This dataset contains 16,895 training trajectories and 3,049 development trajectories, converted from the C2 teacher-first phase-aware v2 dataset. Each row has a messages list of {role, content, loss} objects, plus task, model, provenance, and sampling metadata.

The source is public Albedo evaluation artifacts with teacher, king, and challenger trajectories. The data was selected by the existing C2 quality policy; this export only changes the schema. The role/content schema was compared with vuhaian/32k_maxlift at revision 5069fbc622fa99f0bdc6ccffe30d76fa6d560b61. No examples from that dataset were added.

Load

from datasets import load_dataset

ds = load_dataset("vinhable/albedo-c2-messages", token=True)
train = ds["train"]
dev = ds["validation"]

Supervision

  • messages[].loss=true: assistant continuation after the original cut point.
  • messages[].loss=false: prefix, system, user, and environment/tool observations.
  • completion_start: message index where the continuation begins.
  • cut_point: original evaluator coordinate, not necessarily a message index.

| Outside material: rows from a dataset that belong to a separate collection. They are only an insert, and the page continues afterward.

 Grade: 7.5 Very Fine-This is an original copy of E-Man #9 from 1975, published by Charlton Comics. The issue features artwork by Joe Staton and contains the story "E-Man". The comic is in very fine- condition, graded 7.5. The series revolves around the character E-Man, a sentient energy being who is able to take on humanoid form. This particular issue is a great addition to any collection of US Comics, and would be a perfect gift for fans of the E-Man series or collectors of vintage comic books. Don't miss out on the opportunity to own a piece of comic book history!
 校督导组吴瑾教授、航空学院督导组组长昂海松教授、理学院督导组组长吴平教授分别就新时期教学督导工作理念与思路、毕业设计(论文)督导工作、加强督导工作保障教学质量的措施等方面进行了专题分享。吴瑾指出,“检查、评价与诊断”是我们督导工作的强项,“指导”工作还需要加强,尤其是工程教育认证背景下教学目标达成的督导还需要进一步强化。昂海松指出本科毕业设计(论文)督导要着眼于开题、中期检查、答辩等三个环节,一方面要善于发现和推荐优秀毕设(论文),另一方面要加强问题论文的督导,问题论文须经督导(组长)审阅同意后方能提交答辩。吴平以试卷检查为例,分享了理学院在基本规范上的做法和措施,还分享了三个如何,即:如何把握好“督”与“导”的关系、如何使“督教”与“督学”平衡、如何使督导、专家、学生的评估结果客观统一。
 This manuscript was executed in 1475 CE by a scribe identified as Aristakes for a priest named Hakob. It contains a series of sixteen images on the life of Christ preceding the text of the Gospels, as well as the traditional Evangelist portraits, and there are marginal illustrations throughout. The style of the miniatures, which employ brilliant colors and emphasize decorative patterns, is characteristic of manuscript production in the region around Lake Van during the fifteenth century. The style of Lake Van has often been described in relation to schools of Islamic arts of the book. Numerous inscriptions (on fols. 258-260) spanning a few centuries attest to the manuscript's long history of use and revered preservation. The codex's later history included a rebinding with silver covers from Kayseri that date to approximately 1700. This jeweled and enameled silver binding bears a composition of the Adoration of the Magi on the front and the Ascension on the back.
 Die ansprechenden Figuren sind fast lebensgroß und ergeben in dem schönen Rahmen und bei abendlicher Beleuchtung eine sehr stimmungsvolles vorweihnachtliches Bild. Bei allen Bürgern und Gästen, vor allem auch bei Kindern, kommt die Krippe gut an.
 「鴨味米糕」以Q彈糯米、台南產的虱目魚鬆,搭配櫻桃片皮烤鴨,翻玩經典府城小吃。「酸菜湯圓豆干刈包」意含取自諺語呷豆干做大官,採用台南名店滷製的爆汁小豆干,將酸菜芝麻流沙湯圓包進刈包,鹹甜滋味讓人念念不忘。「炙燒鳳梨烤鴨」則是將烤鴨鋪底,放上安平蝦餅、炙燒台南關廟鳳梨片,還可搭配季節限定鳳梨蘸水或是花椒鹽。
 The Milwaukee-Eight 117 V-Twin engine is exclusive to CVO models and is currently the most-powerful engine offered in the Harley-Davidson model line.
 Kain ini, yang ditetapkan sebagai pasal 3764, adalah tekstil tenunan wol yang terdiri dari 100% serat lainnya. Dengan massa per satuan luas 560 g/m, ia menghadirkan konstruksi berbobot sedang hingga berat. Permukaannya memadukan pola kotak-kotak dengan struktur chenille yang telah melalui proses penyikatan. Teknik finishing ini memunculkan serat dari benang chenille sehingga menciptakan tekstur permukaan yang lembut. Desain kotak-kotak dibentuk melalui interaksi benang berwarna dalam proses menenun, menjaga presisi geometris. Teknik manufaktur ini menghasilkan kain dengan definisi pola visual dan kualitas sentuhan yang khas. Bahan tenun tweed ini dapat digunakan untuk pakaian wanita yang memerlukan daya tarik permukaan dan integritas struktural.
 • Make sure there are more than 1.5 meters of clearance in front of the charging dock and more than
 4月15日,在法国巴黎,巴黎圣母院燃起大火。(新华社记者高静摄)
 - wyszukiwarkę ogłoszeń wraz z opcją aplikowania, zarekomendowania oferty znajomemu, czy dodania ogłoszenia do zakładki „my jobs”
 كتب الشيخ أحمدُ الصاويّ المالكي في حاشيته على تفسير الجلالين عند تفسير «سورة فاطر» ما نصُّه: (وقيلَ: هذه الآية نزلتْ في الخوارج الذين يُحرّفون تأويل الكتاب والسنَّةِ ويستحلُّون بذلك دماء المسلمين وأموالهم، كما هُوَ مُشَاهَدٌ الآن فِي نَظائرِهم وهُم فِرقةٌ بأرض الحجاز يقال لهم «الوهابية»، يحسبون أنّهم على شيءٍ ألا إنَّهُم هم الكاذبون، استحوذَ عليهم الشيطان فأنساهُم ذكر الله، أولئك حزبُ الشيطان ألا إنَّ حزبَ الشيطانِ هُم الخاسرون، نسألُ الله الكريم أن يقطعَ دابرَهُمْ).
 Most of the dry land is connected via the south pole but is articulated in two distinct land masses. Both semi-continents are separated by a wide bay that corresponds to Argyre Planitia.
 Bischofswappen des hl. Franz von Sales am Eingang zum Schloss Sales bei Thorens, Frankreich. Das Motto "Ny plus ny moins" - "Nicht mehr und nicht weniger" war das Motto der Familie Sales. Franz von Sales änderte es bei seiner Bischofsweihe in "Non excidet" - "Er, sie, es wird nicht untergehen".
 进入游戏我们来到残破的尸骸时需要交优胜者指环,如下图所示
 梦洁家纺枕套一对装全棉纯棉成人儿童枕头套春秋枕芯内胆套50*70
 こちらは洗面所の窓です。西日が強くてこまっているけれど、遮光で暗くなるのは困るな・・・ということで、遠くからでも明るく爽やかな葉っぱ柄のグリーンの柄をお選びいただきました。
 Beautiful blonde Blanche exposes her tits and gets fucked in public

The trainer must translate message loss flags into token labels, masking excluded tokens and padding with -100. Ordinary assistant-only loss is insufficient because the prefix also contains assistant messages. Last-response-only loss would discard intermediate continuation targets. Role names and observation strings are preserved as recorded in the original artifacts.

Sampling

train-plan.message-loss.jsonl is metadata, not a dataset split. It preserves the original C2 weighted epoch plan: 16,895 slots referencing 14,749 unique training trajectories. Use its one-based line fields to select training rows in epoch_slot order. Apply the plan once; do not also apply sampling weights to those sampled rows. Uniformly training all rows is a different recipe. The development split is task-disjoint from training.

Verification and scope

Every exported row was compared with its source for identical roles, content, supervision, and ordering. Task separation and sampling-plan identities were checked. summary.json records source and output SHA-256 hashes, row counts, and validation results.

This export does not tokenize or truncate. A 32K bound must be checked using the actual training tokenizer and chat template. End-to-end compatibility with a specific trainer still requires checking its collator and masking implementation.

Provenance and usage

Rows retain identifiers such as trajectory_id, eval_run_id, sample_id, model_uri, origin, and available source metadata. Upstream data and model terms continue to apply; this export does not grant a new blanket license. The repository is initially private.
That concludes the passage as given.